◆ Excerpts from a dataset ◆
*** Begin section ***

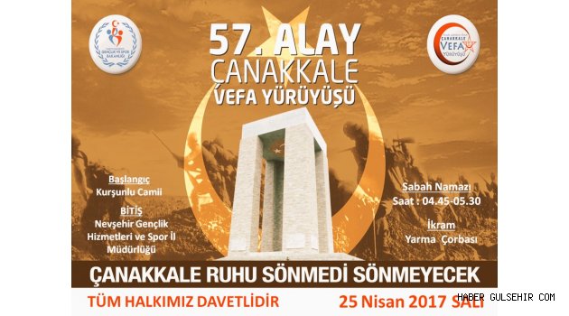 Gençlik ve Spor Bakanlığı'nın Çanakkale Savaşları'nda kahramanlıklarıyla destanlaşan 57, Alay Piyade Alay'ı Şehitleri başta olmak üzere Çanakkale Şehitleri'ni anmak, onları yâd etmek için her yıl düzenlediği "57. Alay Vefa Yürüyüşü" bu sene tüm Türkiye'de 81 il ve İlimizde Çanakkale ile birlikte aynı gün ve saatte tüm geçlerimiz ve Nevşehir'lilerin katılımı ile 25 Nisan 2017 Salı günü gerçekleştirilecek.
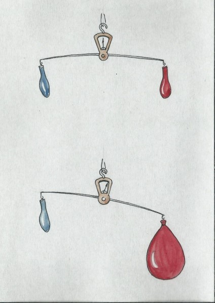 Вновь взвешиваем. Что произошло? Надутый шар перевешивает пустой: воздух имеет вес.
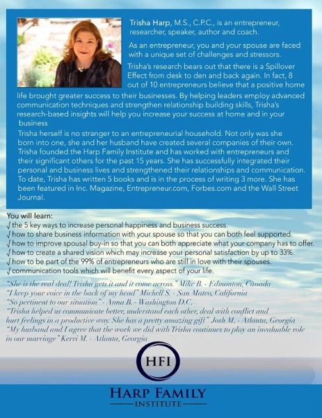 Trisha Harp, M.S., C.P.C., is an entrepreneur, researcher, speaker, author and coach. As an entrepreneur, you and your spouse are faced with a unique set of challenges and stressors. Trisha's research bears out that there is a Spillover Effect from desk to den and back again. In fact, 8 out of 10 entrepreneurs believe that a positive home life brought greater success to their businesses. By helping leaders employ advanced communication techniques and strengthen relationship building skills, Trisha's research-based insights will help you increase your success at home and in your business. Trisha herself is no stranger to an entrepreneurial household. Not only was she born into one, she and her husband have created several companies of their own. Trisha founded the Harp Family Institute and has worked with entrepreneurs and their significant others for the past 15 years. She has successfully integrated their personal and business lives and strengthened their relationships and communication. To date, Trisha has written 5 books and is in the process of writing 3 more. She has been featured in Inc. Magazine, Entrepreneur.com, Forbes.com and the Wall Street Journal.
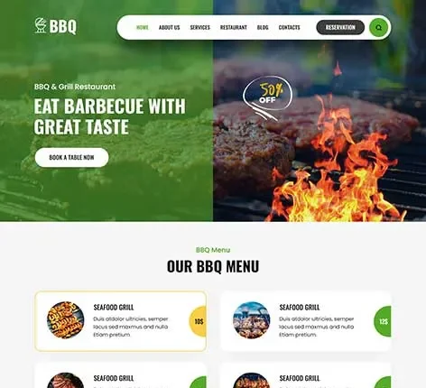 • BBQ restaurants can enable a menu. They can list and showcase various types of services. Can easily offer a table booking facility and showcase their team bios.
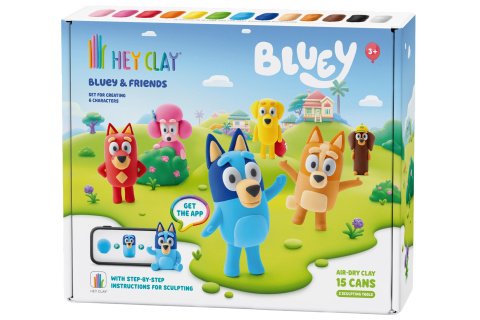 Súprava HEY CLAY inšpirovaná postavičkami z populárnej série Bluey! Veľká sada 15 kelímkov + 2 modelovacie nástroje. Zo sady zostaviť 6 postáv. Vek 3+
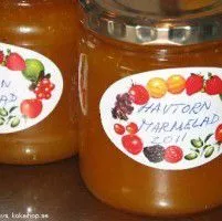 Härligt recept på havtornsmarmelad, marmeladen är gott till bland annat skorpor, rostat bröd, knäckebröd, glass, ostkex och till dessertostar, med detta recept blir det cirka 6-7 deciliter. Innehåller bland annat: Syltsocker och Natriumbensoat

*** End section ***

◆ YOUR TASK ◆
Set down the records again exactly as they appear, leaving each picture behind.

◆ ANSWER BOX ◆
 Gençlik ve Spor Bakanlığı'nın Çanakkale Savaşları'nda kahramanlıklarıyla destanlaşan 57, Alay Piyade Alay'ı Şehitleri başta olmak üzere Çanakkale Şehitleri'ni anmak, onları yâd etmek için her yıl düzenlediği "57. Alay Vefa Yürüyüşü" bu sene tüm Türkiye'de 81 il ve İlimizde Çanakkale ile birlikte aynı gün ve saatte tüm geçlerimiz ve Nevşehir'lilerin katılımı ile 25 Nisan 2017 Salı günü gerçekleştirilecek.
 Вновь взвешиваем. Что произошло? Надутый шар перевешивает пустой: воздух имеет вес.
 Trisha Harp, M.S., C.P.C., is an entrepreneur, researcher, speaker, author and coach. As an entrepreneur, you and your spouse are faced with a unique set of challenges and stressors. Trisha's research bears out that there is a Spillover Effect from desk to den and back again. In fact, 8 out of 10 entrepreneurs believe that a positive home life brought greater success to their businesses. By helping leaders employ advanced communication techniques and strengthen relationship building skills, Trisha's research-based insights will help you increase your success at home and in your business. Trisha herself is no stranger to an entrepreneurial household. Not only was she born into one, she and her husband have created several companies of their own. Trisha founded the Harp Family Institute and has worked with entrepreneurs and their significant others for the past 15 years. She has successfully integrated their personal and business lives and strengthened their relationships and communication. To date, Trisha has written 5 books and is in the process of writing 3 more. She has been featured in Inc. Magazine, Entrepreneur.com, Forbes.com and the Wall Street Journal.
 • BBQ restaurants can enable a menu. They can list and showcase various types of services. Can easily offer a table booking facility and showcase their team bios.
 Súprava HEY CLAY inšpirovaná postavičkami z populárnej série Bluey! Veľká sada 15 kelímkov + 2 modelovacie nástroje. Zo sady zostaviť 6 postáv. Vek 3+
 Härligt recept på havtornsmarmelad, marmeladen är gott till bland annat skorpor, rostat bröd, knäckebröd, glass, ostkex och till dessertostar, med detta recept blir det cirka 6-7 deciliter. Innehåller bland annat: Syltsocker och Natriumbensoat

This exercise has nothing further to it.